Problem statement
An exact, complete printout of the listing is wanted, minus its images.

Records for this exercise
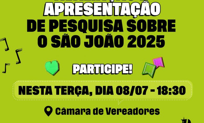 Conduzida pelo Instituto IPAP, a pesquisa coletou informações sobre a experiência do público durante o São João de Cruz, reunindo dados oficiais sobre o evento, opiniões e sugestões para aprimorar as próximas edições. Além disso, na oportunidade, serão apresentados números sobre o retorno econômico dos investimentos nos festejos deste ano.
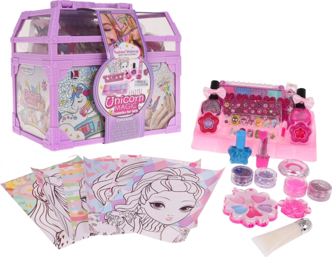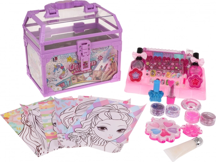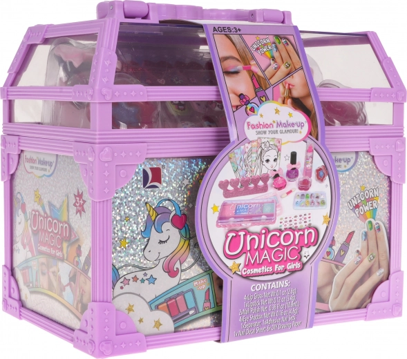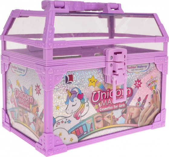 Cosmetic set voor prinsessen bevat een breed scala aan veilige cosmetische producten in een praktische schatkist met een eenhoornmotief. Deze schatkist heeft een handvat voor eenvoudig gebruik, waardoor het kinderen in staat stelt hun favoriete cosmetica overal mee naartoe te nemen.
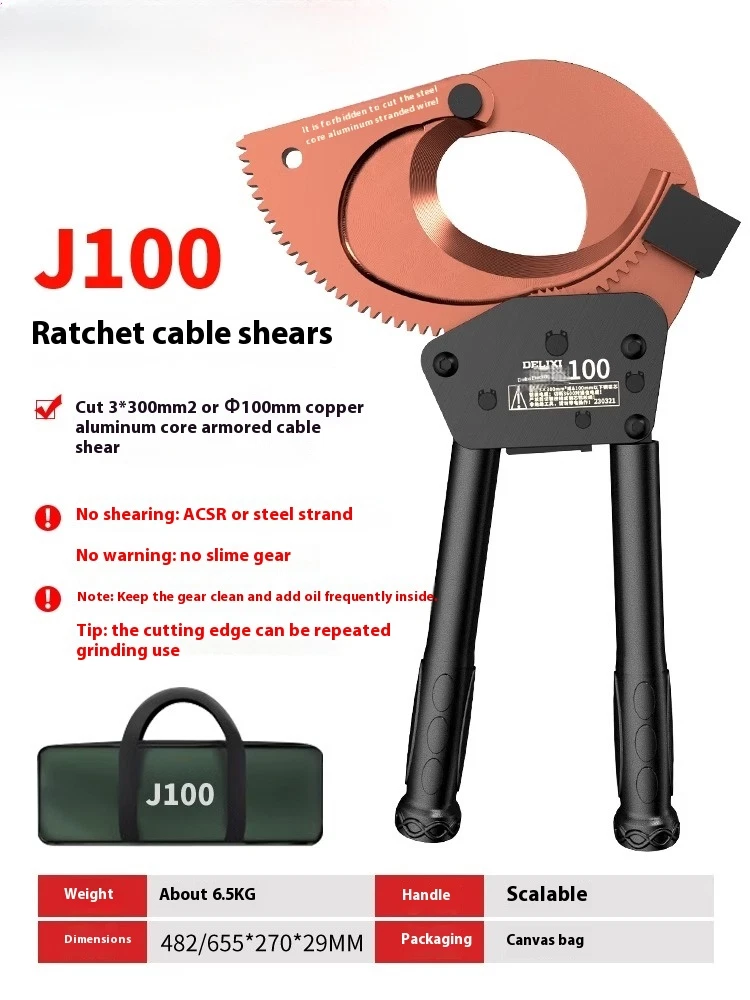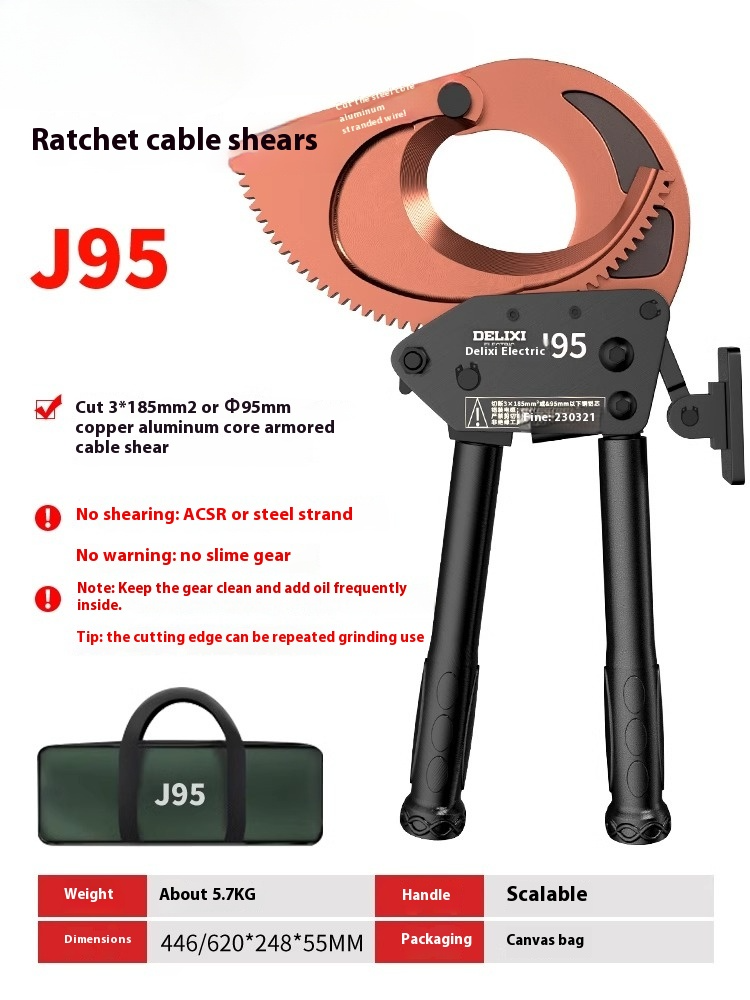 Ratchet Cable Scissors Special Gear Type Manual Cutters Electrician Wire Cutters J40 Industrial Grade Ratchet Cable Cutter Weight: about 1.15KG Size: 346*120*38MM Handle: non-retractable Packing: Canvas bag
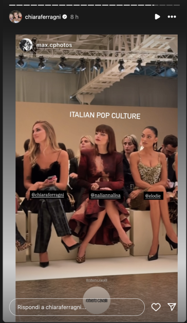 “Italian pop culture”, si legge sulla didascalia della foto e davvero non c’è nulla da eccepire. La Milano Fashion Week è ufficialmente partita e la sfilata di Roberto Cavalli non è proprio passata inosservata. A fare notizia, però, non sono stati gli abiti mostrati ma chi c’era in prima fila.
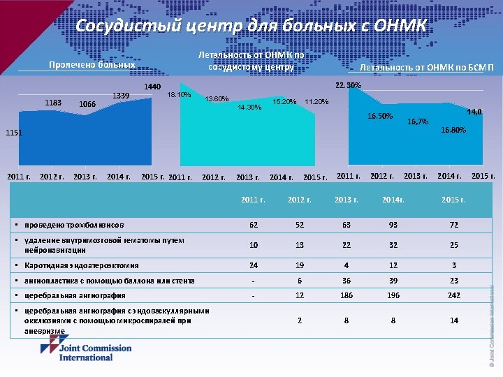 Vascular center for patients with stroke 1183 1066 1339 Mortality from stroke n the vascular center Mortality from stroke in the hospital 1440 22. 30% 18. 10% 13. 60% 14. 30% 15. 20% 11. 20% 16. 50% 16, 7% 1151 2011 г. 2012 г. 2013 г. 2014 г. 2015 г. 2011 г. 2012 г. 2013 г. 2014 г. 14, 0 16. 80% 2011 г. 2012 г. 2013 г. 2014 г. 2015 г. 2011 г. 2012 г. 2013 г. 2014 г. • thrombolysis 62 52 63 93 72 • removal of intracerebral hematoma by neuronavigation 10 13 22 32 25 • carotid endateroektomiya 24 19 4 12 2 • balloon angioplasty or stent - 6 36 39 23 • cerebral angiography - 12 186 196 242 2 8 8 14 • aneurysm embolisation 2015 г. © Joint Commission International related patients

Expected answer
 Conduzida pelo Instituto IPAP, a pesquisa coletou informações sobre a experiência do público durante o São João de Cruz, reunindo dados oficiais sobre o evento, opiniões e sugestões para aprimorar as próximas edições. Além disso, na oportunidade, serão apresentados números sobre o retorno econômico dos investimentos nos festejos deste ano.
 Cosmetic set voor prinsessen bevat een breed scala aan veilige cosmetische producten in een praktische schatkist met een eenhoornmotief. Deze schatkist heeft een handvat voor eenvoudig gebruik, waardoor het kinderen in staat stelt hun favoriete cosmetica overal mee naartoe te nemen.
 Ratchet Cable Scissors Special Gear Type Manual Cutters Electrician Wire Cutters J40 Industrial Grade Ratchet Cable Cutter Weight: about 1.15KG Size: 346*120*38MM Handle: non-retractable Packing: Canvas bag
 “Italian pop culture”, si legge sulla didascalia della foto e davvero non c’è nulla da eccepire. La Milano Fashion Week è ufficialmente partita e la sfilata di Roberto Cavalli non è proprio passata inosservata. A fare notizia, però, non sono stati gli abiti mostrati ma chi c’era in prima fila.
 Vascular center for patients with stroke 1183 1066 1339 Mortality from stroke n the vascular center Mortality from stroke in the hospital 1440 22. 30% 18. 10% 13. 60% 14. 30% 15. 20% 11. 20% 16. 50% 16, 7% 1151 2011 г. 2012 г. 2013 г. 2014 г. 2015 г. 2011 г. 2012 г. 2013 г. 2014 г. 14, 0 16. 80% 2011 г. 2012 г. 2013 г. 2014 г. 2015 г. 2011 г. 2012 г. 2013 г. 2014 г. • thrombolysis 62 52 63 93 72 • removal of intracerebral hematoma by neuronavigation 10 13 22 32 25 • carotid endateroektomiya 24 19 4 12 2 • balloon angioplasty or stent - 6 36 39 23 • cerebral angiography - 12 186 196 242 2 8 8 14 • aneurysm embolisation 2015 г. © Joint Commission International related patients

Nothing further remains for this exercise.